There is material below. Print exactly the lines starting at the line with "热门校(难):成均馆、汉阳、" and ending at the line with "Suéter de cashmere", ends included, and no others.

### Input for this task ###

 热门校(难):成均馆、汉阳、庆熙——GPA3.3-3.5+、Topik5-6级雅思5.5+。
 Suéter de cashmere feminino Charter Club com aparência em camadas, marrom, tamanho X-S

###
### Input for this task ###

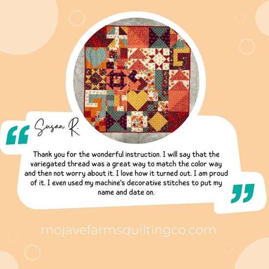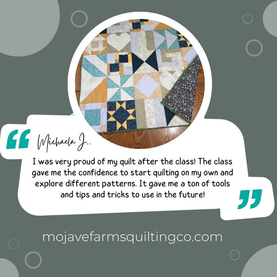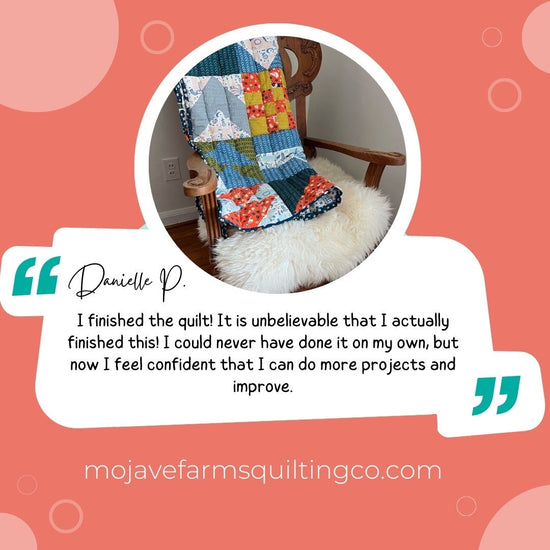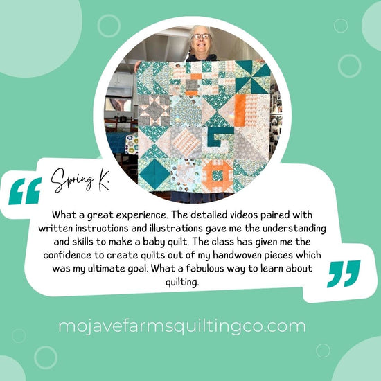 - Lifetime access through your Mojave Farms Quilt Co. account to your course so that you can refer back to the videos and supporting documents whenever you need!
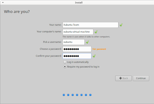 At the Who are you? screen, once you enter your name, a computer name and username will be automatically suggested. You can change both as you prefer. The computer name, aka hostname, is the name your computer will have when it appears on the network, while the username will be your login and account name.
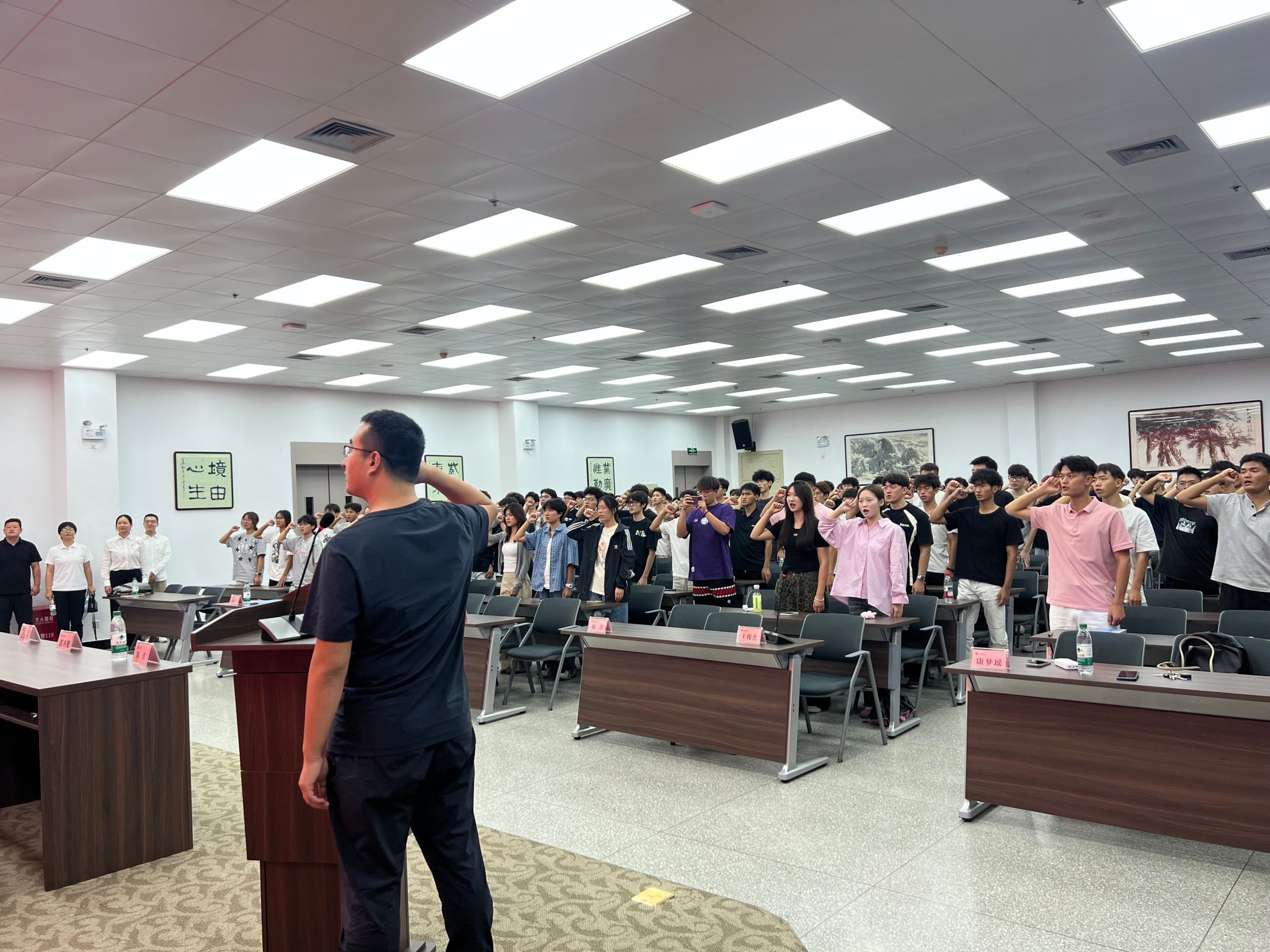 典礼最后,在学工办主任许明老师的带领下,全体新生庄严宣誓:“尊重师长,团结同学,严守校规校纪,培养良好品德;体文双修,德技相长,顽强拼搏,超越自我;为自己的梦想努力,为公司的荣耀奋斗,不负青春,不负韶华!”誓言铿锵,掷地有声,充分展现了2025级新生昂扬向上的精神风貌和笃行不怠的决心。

###

Task output:
 热门校(难):成均馆、汉阳、庆熙——GPA3.3-3.5+、Topik5-6级雅思5.5+。
 Suéter de cashmere feminino Charter Club com aparência em camadas, marrom, tamanho X-S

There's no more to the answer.